The wall at eight hundred
Postgres was fine until customer eight hundred and a sudden surge in cross-tenant analytics queries. Dashboard load times went from a comfortable four hundred milliseconds to seven seconds. The CPU was not the bottleneck; the I/O pattern was. Analytics queries scan; OLTP queries point-lookup. The two share an index strategy badly.
We tried partitioning. We tried materialised views. Both helped at the margins. Neither closed the gap on the queries that mattered.
Why ClickHouse
ClickHouse's columnar storage is a direct fit for analytics queries: scan a few columns across millions of rows. The ratio of speed-up on our representative workloads was between fifteen and forty times, depending on query shape.
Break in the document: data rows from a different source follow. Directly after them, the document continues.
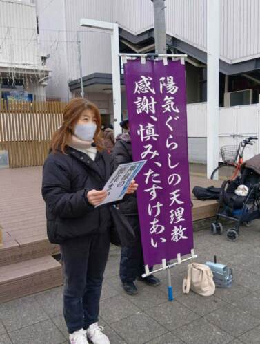 この日、駅前を行き交う人々に向けてお道の教えを語りかけていたのは、田中裕子さん(59歳・祖浪分教会教人・羽曳野市)。教祖140年祭へ向かう年祭活動2年目に「支部にをいがけ日」に参加するようになって以後、リーフレット配りを毎日続けているという。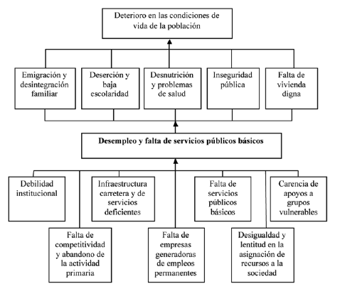 El Árbol de problemas es el diagnóstico de la situación, se realiza a partir de la identificación del problema central y la visualización y análisis de las causas y efectos que originan dichos problemas. En general, un problema se expresa en términos de la falta de determinados medios que podrían servir para resolverlo: falta de crédito, inadecuado uso del agua, ausencia de regulaciones legales, falta asistencia técnica, escasa coordinación interinstitucional, etc. Los planificadores tienen que aplicar métodos que partan de la visión de los afectados y comparen entre sí las distintas perspectivas.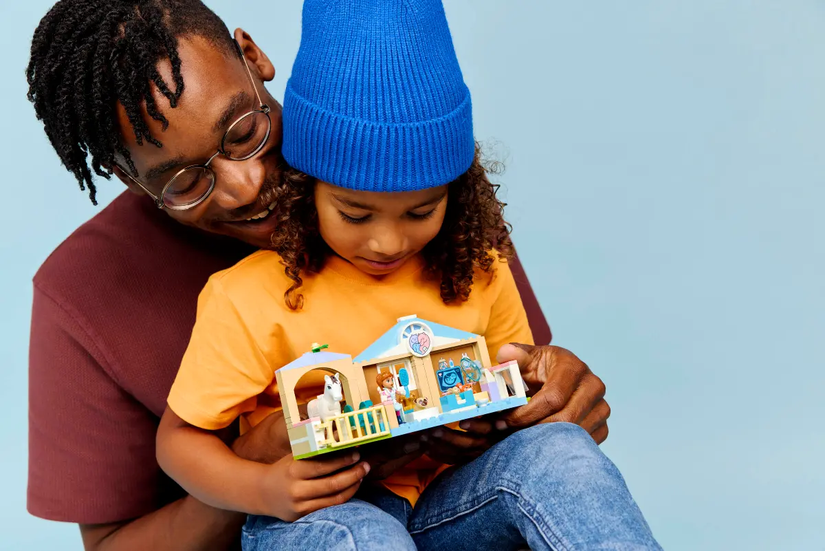 Akcesoria związane z weterynarią, takie jak strzykawka, termometr, notes i długopis, inspirują do zabawy w odgrywanie ról. Dla konia jest siodło, siano, szczotka, marchewka, woda, końska kupa i kask dla jeźdźca. Ten zestaw to świetny prezent dla przedszkolaków, które uwielbiają zestawy ze zwierzątkami. Zabawka LEGO dla czterolatków i starszych dzieci zawiera elementy umożliwiające szybkie rozpoczęcie zabawy w budowanie. Aplikacja LEGO Builder poprowadzi dzieci przez intuicyjne budowanie. Mogą w niej przybliżać i obracać zestawy za pomocą instrukcji 3D oraz śledzić postępy w budowaniu.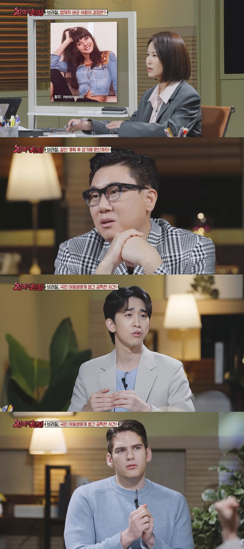 그런가 하면 다니엘라의 사망 사건으로 인해 브라질의 법이 개정되기도 했다고. 법을 바꿀 정도로 잔인했던 여배우의 사망 사건을 접한 스튜디오 MC들은 분노와 안타까움이 뒤섞인 표정을 드러낸다. 특히 이상민은 "너무 오래전 이야기이고 너무 먼 나라 이야기인데, 너무 마음이 아프다"라며 착잡함을 내비치기도.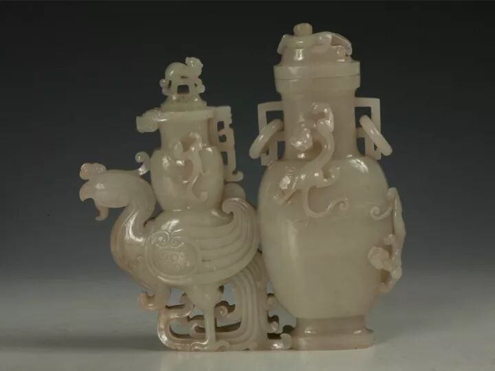 清 乾隆年制款白玉凤螭纹双联盖瓶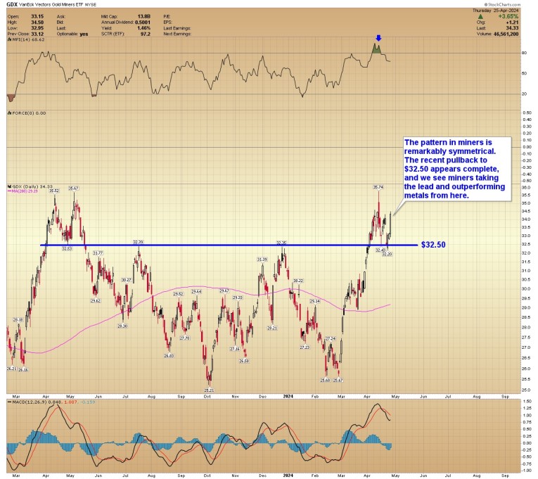 GDX- The pattern in miners is remarkably symmetrical. The recent pullback to $32.50 appears complete, and we see miners taking the lead and outperforming metals from here.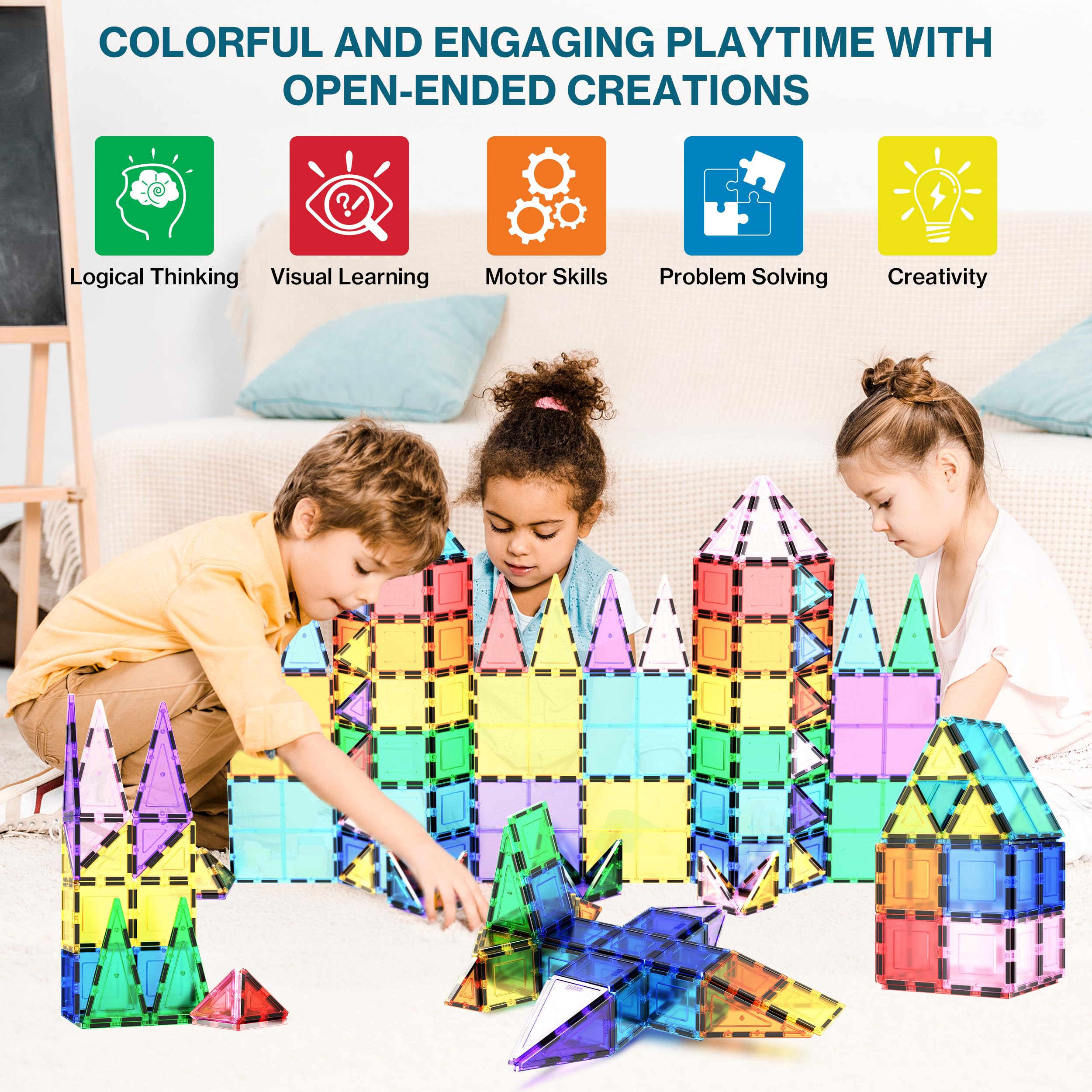 PicassoTiles Set de bloques azulejos magnéticos de construcción, 100 piezas

The trade-off is write amplification and a different operational story.
We kept Postgres as the source of truth and stream changes via CDC into ClickHouse. The transactional tier never sees an analytics query; the analytics tier never serves a write. Both are happier.
The migration plan that worked
Six weeks, three engineers, one rollback rehearsal. We migrated dashboards in slices: the simplest first, the cross-tenant rollups last. Every slice had a parallel-run window where the dashboard read from both tiers and the engineering team compared values. The single discrepancy we found was a timezone-handling bug we would have caught in production a quarter later.
The multi-entity payroll work uses some of the same patterns: row-level isolation on writes, materialised rollups on reads.
What we would do differently
Start the migration sooner. We waited too long, and customer-facing dashboards were degraded for two months before we shipped the first slice. We thought we could optimise our way out; we could not.